National Portrait Gallery
The National Portrait Gallery in Canberra consists of five pavilions housing daylit galleries. Located near the High Court of Australia and the National Gallery, within the parkland of the Parliamentary Triangle, the building's linear form runs perpendicular to the "land axis" defined by Walter Burley Griffin.
Designed by Johnson Pilton Walker, the project includes a range of public and private external spaces. Huge cantilevered concrete fins define an eastern forecourt, providing a transition between the monumentally scaled surroundings and the intimacy of the galleries.
The awards jury commended the building for its "well resolved sequence of carefully modulated spaces [that] provide a calm backdrop for the display of art."
Noting how popular the gallery has become, the jury lamented the modest, 16,400-square-meter (176,500-square-foot) size of the structure: "The building, while a triumph in cultural terms and popular appreciation, is clearly too small for its public role and purpose — a reflection of contemporary governments' aspirations and budgets... Nonetheless, the building is an important and worthwhile addition to the national capital."
Melbourne's Tensile Landmark
The Australian Institute of Architects honored the Sidney Myer Music Bowl in Melbourne with a "25 Year Award for Enduring Architecture." The jury praised the 1959 outdoor music venue as "one of the great tent-like suspension structures of the world" and "a much-loved icon, and part of the social fabric of Melbourne and the nation."
Two large masts support a canopy consisting of aluminum-clad plywood panels on a grid of tensioned cables. Designed by architects Yuncken, Freeman Brothers, Griffiths and Simpson with structural engineers W.L. Irwin and Associates, with design led by architect Barry Patten, the structure predates the built tensile-roof structures by German designer Frei Otto.
"The Myer Music Bowl continues to amaze and intrigue as a major sculptural form beautifully integrated with its site and the surrounding landscape," lauded the jury. "It remains an architectural engineering triumph perhaps without equal in Australia."
Musical Interiors
For the Melbourne Recital Centre (MRC) and Melbourne Theatre Company (MTC), architecture firm ARM sought to create contemporary performing arts spaces equivalent in acoustic performance to the great auditoria of the 19th century.
In the Elisabeth Murdoch Hall at the MRC, audience members are surrounded by wood. The walls and ceiling are covered in layered plywood paneling that evokes a topographic contour map, or perhaps a large-scale depiction of wood grain itself. The space also features hardwood floors, wood chandeliers, an adjustable ceiling, and stepped seating.

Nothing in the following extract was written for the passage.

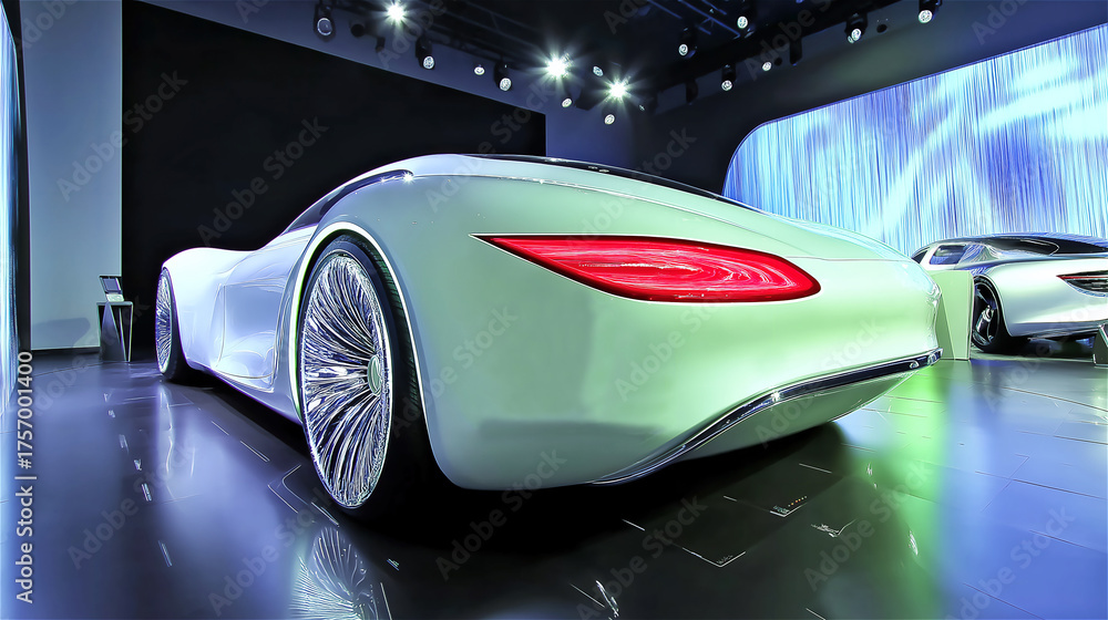 White concept sports car with red taillight displayed at auto show on reflective floor. Luxury vehicle exhibition showing sleek modern design with dramatic lighting and copy space. #1757001400

The jury reports that this grand hall, particularly well suited for chamber music, is "beloved by performers for the clear rendering of music," delivering a "sparkling acoustic quality." A smaller MRC space, the Salon, was also designed for musical clarity.

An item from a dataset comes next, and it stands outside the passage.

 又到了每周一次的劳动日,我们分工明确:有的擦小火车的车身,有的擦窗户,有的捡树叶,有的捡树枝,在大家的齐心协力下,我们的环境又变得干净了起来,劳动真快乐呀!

Within the same 15,700-square-meter (169,000-square-foot) complex, the MTC Theatre features basic but bold interior finishes: paint, plasterboard, and plywood with graphics. The jury commended all three venues for "excellent functionality within distinctive and memorable interiors."
Urban Infusion
The commercial development ivy — described by the awards jury as "part Roman baths, part smart restaurants, part urbane gathering place" — encompasses two adjoining sites in midtown Sydney. Architect Woods Bagot designed the 20,000-square-meter (215,000-square-foot) project in collaboration with interior designer Hecker Phelan & Guthrie. The six-story, two-building complex combines 18 bars and nine restaurants, a ballroom, two penthouse suites, a rooftop pool, and new headquarters space for the client, the Merivale Group.